Tip: view the complete command output by changing to the process work dir and entering the command `cat .command.out`

 -- Check '.nextflow.log' file for details
fmalmeida commented 3 weeks ago

Hi @sajjadasaf , I think if I just add a '-f' param to BUSCO and Quast might solve this issue. I am making a new branch with this feature.
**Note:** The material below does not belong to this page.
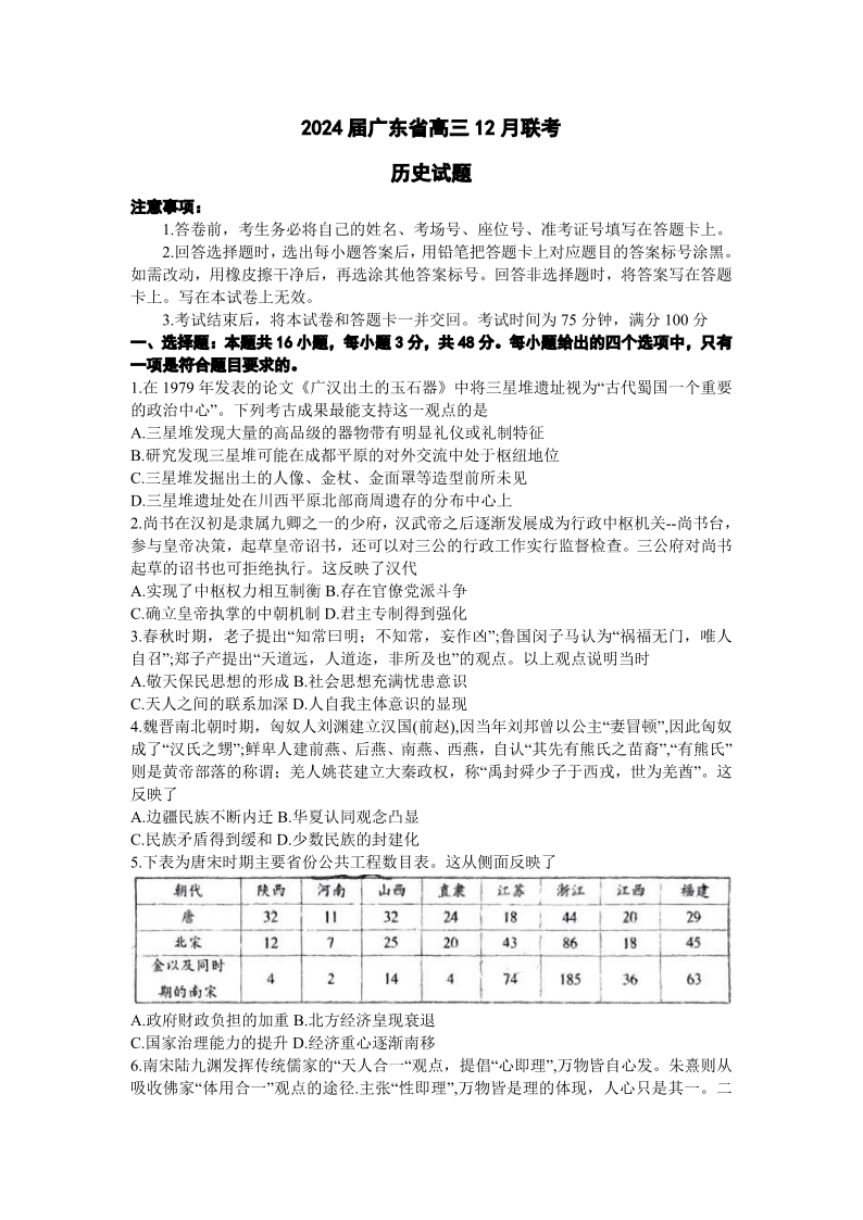 深圳外国语学校高中部2024届高三年级第四次月考 历史

Can you try to see if it works?

You have to include the -r issue-77 -latest and -resume param to, respectively, use the correct source branch, and make nextflow try to load all successful processes, starting only the failed ones. -latest makes nextflow download the latest version of selected code.

E.g. nextflow run fmalmeida/mpgap run -r issue-77 -latest -resume ... < all your other params >.

Let me know what happens, if it works, I can make a hotfix release.